Why is this cast needed? PassRefPtr<U> can be assigned to RefPtr<T> when U inherits from T.

Can we remove m_responseXML to m_responseDocument now?

> LayoutTests/fast/xmlhttprequest/xmlhttprequest-responseXML.html:60
> +        var tests = [{

These tests are not checking variations of the same behavior, they are completely unrelated.

I strongly encourage you to split these into separate tests with their own expectations. This test is largely incomprehensible due to lots of things combined together, and failures in it will be very difficult to investigate when they happen.
Comment 5 Jarred Nicholls 2011-12-15 13:29:52 PST
Thanks very much for the review!

(In reply to comment #4)
> (From update of attachment 119467 [details])
> View in context: https://bugs.webkit.org/attachment.cgi?id=119467&action=review
> 
> Looks great. I think that tests can be made much clearer, so you may want to post an updated patch for another quick review round despite already having an r+.
> 
> Please add a test verifying that scripts don't run in HTML documents loaded with XHR. We have one for XHTML, and we should have one for HTML.

Good call.

> 
> Please also add a test checking for strict/quirks modes - it's not immediately obvious whether setContent gets it right.

Ok sure that's simple.  I'm not sure of how valuable of a test it is, but there's no harm in it I suppose.

> 
> > Source/WebCore/ChangeLog:8
> > +        Latest XHR spec from the W3C:
> > +        http://dvcs.w3.org/hg/xhr/raw-file/tip/Overview.html#the-responsexml-attribute
> > +        http://dvcs.w3.org/hg/xhr/raw-file/tip/Overview.html#document-response-entity-body
> 
> Please mention what changed. A link to the spec provides extremely little information, especially since editor's draft text will change in the future.
> 
> Added support for HTML is something that should be in bug title, in fact. This is the big change.
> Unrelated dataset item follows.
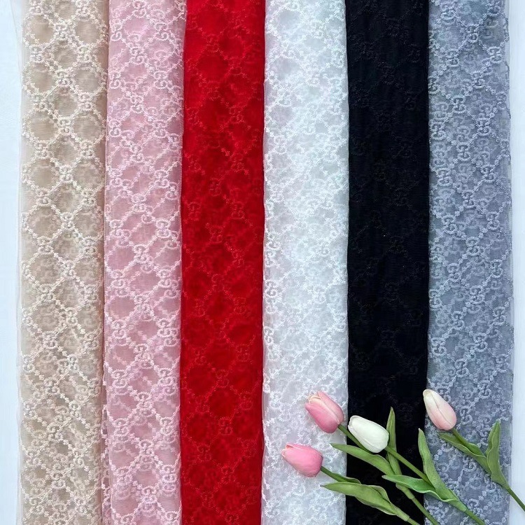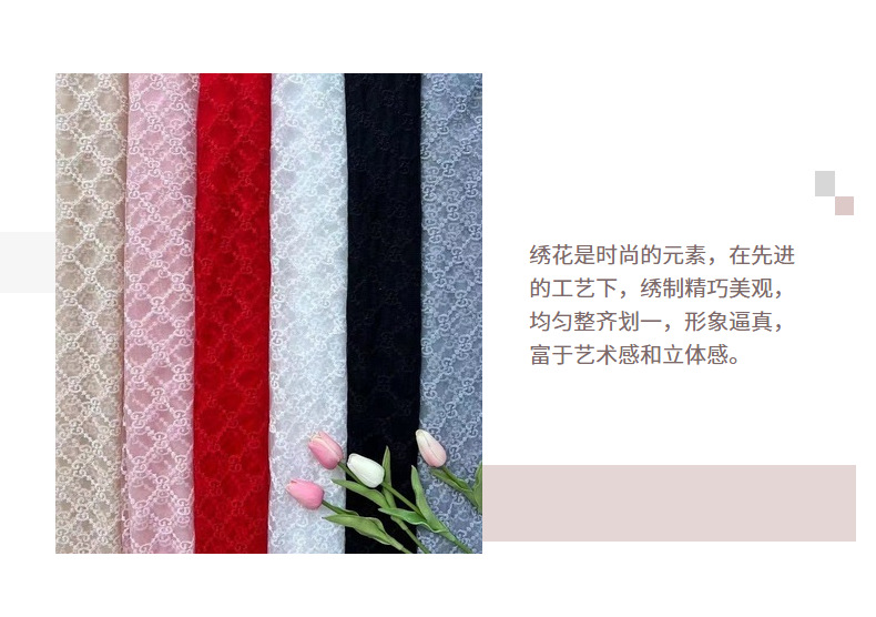 Hongli Technology HLJC-PO112 factory's new export mesh embroidery fabric, photo children's clothing lace fabric, lace edge fabric, upright and inverted G embroidery, supports cut rice samples, immediate delivery and customization

Totally, I'm spazzing today and meant to be verbose in the WebCore ChangeLog but not in the LayoutTests, and I ended up forgetting to fill in WebCore.

> 
> > Source/WebCore/xml/XMLHttpRequest.cpp:227
> > +        bool isHTML = responseMIMEType() == "text/html";
> 
> This appears to match existing code for XML types, but I don't see where the code that changes MIME type to lower case is. MIME types are not case sensitive.
> 
> Would you be willing to investigate this (not in this bug)?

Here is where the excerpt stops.